Age of Ultron #5 cover by Bryan Hitch Marvel NOW!

It’s about time Marvel’s heroes started playing hero and fighting back.

Brian Michael Bendis and Bryan Hitch’s Age of Ultron #5 gives the surviving Marvel heroes a chance to get off their heels and start taking the fight to Ultron, thanks in no small part to the paranoia of Mr. Paranoid himself, Nick Fury.

It’s great to finally see Brian Michael Bendis get all of his characters pulling in the same direction in this comic. We’ve know about the Ultron problem for a while, but now, the survivors are ready to do something about it.
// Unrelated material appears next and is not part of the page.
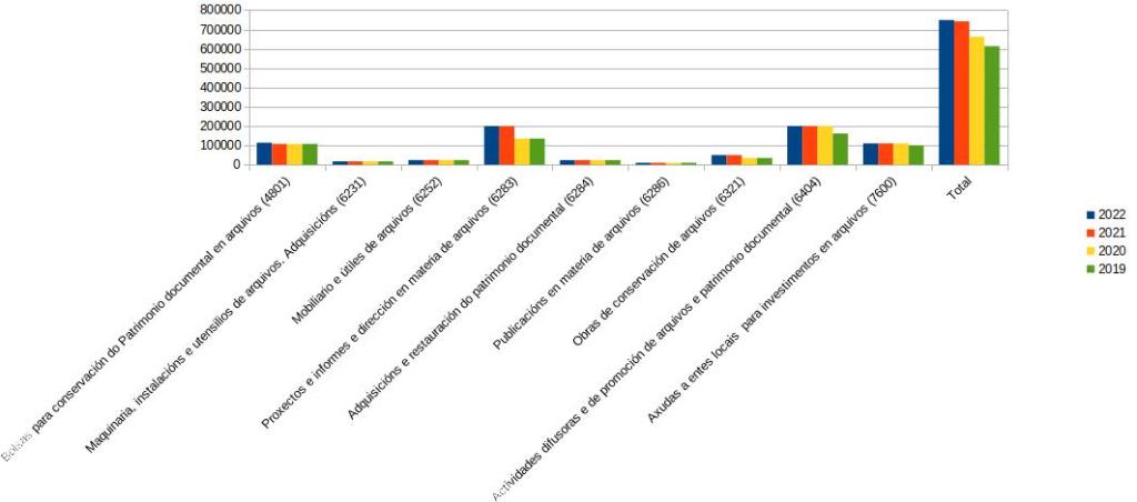 | Actividades difusoras e de promoción de arquivos e patrimonio documental (6404) | 200000 | 200000 | 200000 | 161250 |

Bendis opens Age of Ultron #5 with a well-timed flashback to Vision’s reactivation (just before being possessed by future Ultron) in a scene that nicely sets up the Ultron/human dynamic. Tony Stark, Reed Richards and Hank Pym are all there to wake Vision up, and their conversation serves as a natural recap for how Ultron and Vision were created.

Flash forward to the present dystopia of Age of Ultron, where the survivors find their way into a Savage Land bunker and get their hands on the tech inside. Fortunately, that tech includes a time machine, and there’s much debate about how to use said device. Bendis lampshades the concept by including Hitler and Eve in the discussion, but ultimately he keeps the story on-mission and leads it toward an Ultron confrontation.

See, this is Nick Fury’s bunker, and it comes prepared – complete with a fully-posable Nick Fury himself. Fury provides some much-needed tech upgrades, including an old school Iron Man suit that will get Tony out of his Tron outfit.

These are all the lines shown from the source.